Home | Issues | About the Dialogue

What Is Latent Semantic Indexing (lsi)

It would be easier to state what Latent Semantic Indexing is not, than try to explain what it is. Even a statistical mathematician would find it extremely difficult to explain the concept of LSI, sometimes referred to as latent semantic analysis, to a layman in just a few words!

LSI is not what most SEO experts claim it to be. It is certainly not a concept that can be used by the average web designer or webmaster to improve their search engine listings, and is not what many people, including myself, has written it to be. However, first some background.

The term 'semantics' is applied to the science and study of meaning in language, and the meaning of characters, character strings and words. Not just the language and words themselves, but the true meaning being conveyed in the context in which they are being used.

In 2002 a company called Applied Semantics, an innovator in the use of semantics in text processing, launched a program known as AdSense, which was a form of contextual advertising whereby adverts were placed on website pages which contained text that was relevant to the subject of the adverts.

The matching up of text and adverts was carried out by software in the form of mathematical formulae known as algorithms. It was claimed that these formulae used semantics to analyze the meaning of the text within the web page. In fact, what it initially seemed to do was to match keywords within the page with keywords used in the adverts, though some further interpretation of meaning was evident in the way that some relevant adverts were correctly placed without containing the same keyword character string as used on the web page.

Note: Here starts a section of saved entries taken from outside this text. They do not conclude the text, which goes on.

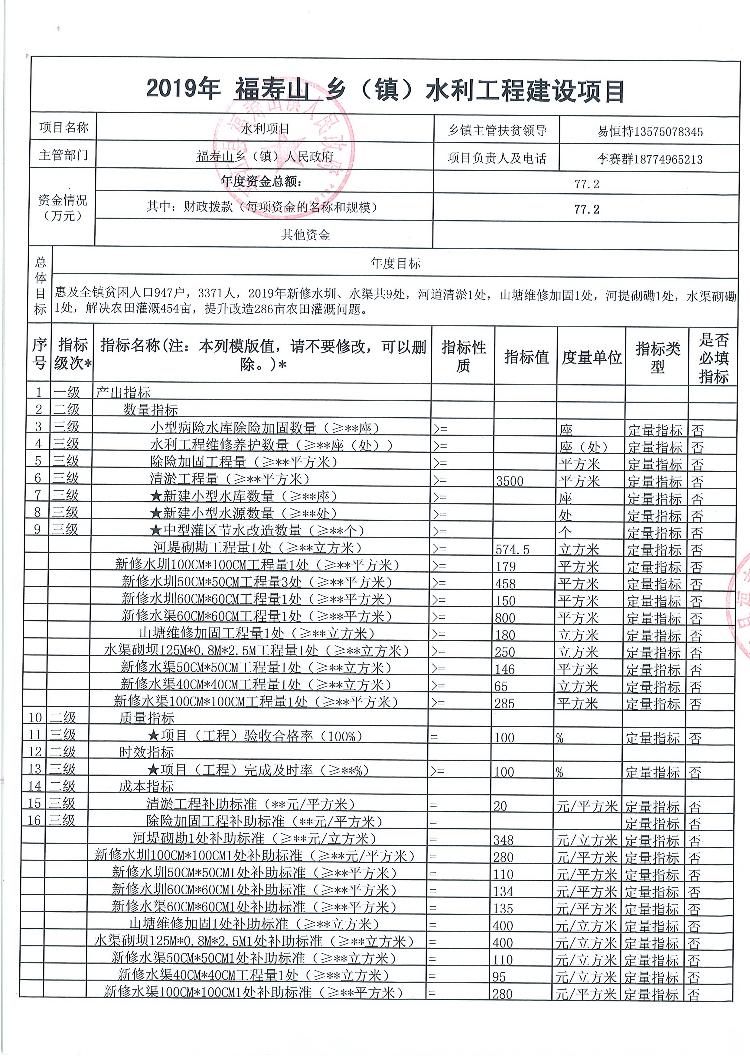 福寿山镇2019年统筹整合涉农资金项目库预算绩效申报
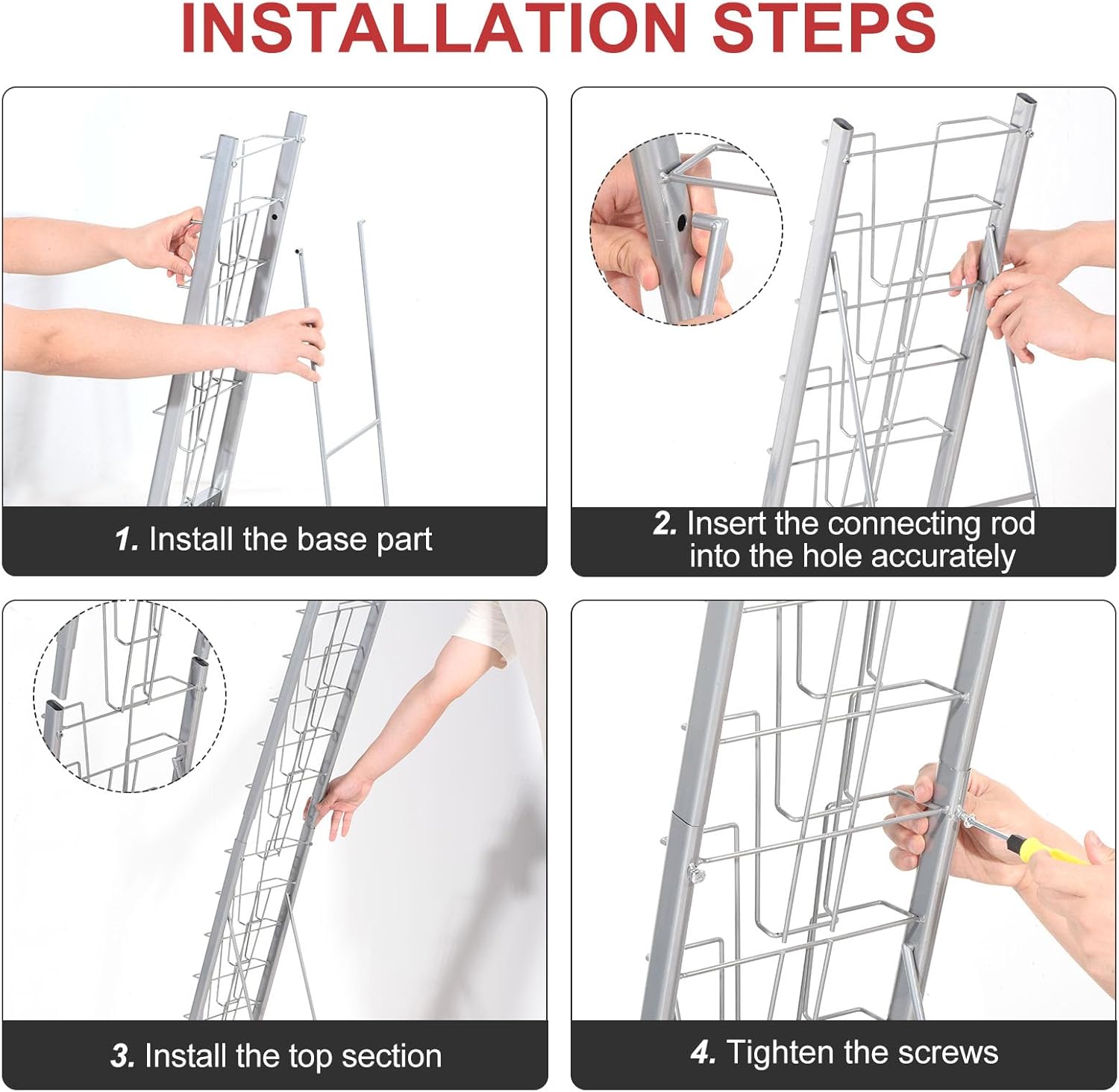 - Detachable Rack: The detachable design of this magazine display rack allows you to store the display stand in seconds and comes with a screwdriver. Unfolded Size(150 x 36 x 25.4cm / 59 x 14 x 10 inch)
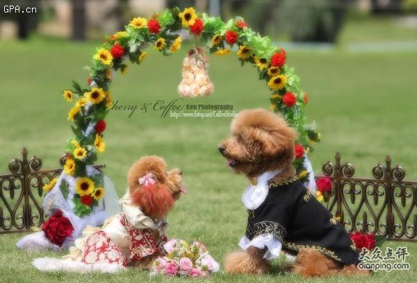 好可爱,狗都有婚纱啊,美死它了
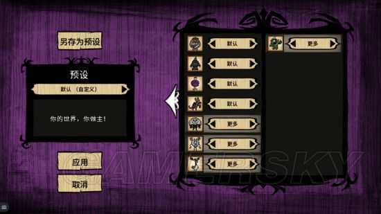 1.首先是地图,我们使用威尔逊这个游戏初始角色,为了能够看到冬季boss的打法,我们将各种boss调成更多~同样的,我们这里设置秋季开局,也是为了更好地攻略

Google launched its own contextual advertising system in March 2003, and subsequently acquired Applied Semantics just over a month later. Adsense as we know it was launched and webmasters could make considerable sums of money by attracting visitors to web pages specifically designed for the purpose. Every click on an advert earned cash from Google for the owner of the website displaying it.

It became commonplace for websites to comprise hundreds, and even thousands, of software-generated pages containing repetitions of keywords and long-tailed key phrases, but little else. Thousands of pages could be generated, the only difference between them being the keyword or phrase used, with no content whatsoever for the visitor. Such software is still being sold on the internet in spite of all the attention given to the so-called LSI algorithm.

Google searched each webpage that was registered for the Adsense system and determined the theme of the page my means of semantic analysis. At this time there was no differentiation made in the analysis between sites using only the same keyword repeatedly and those with genuine content relevant to the theme. Adverts related to this theme were then added to the page by Google.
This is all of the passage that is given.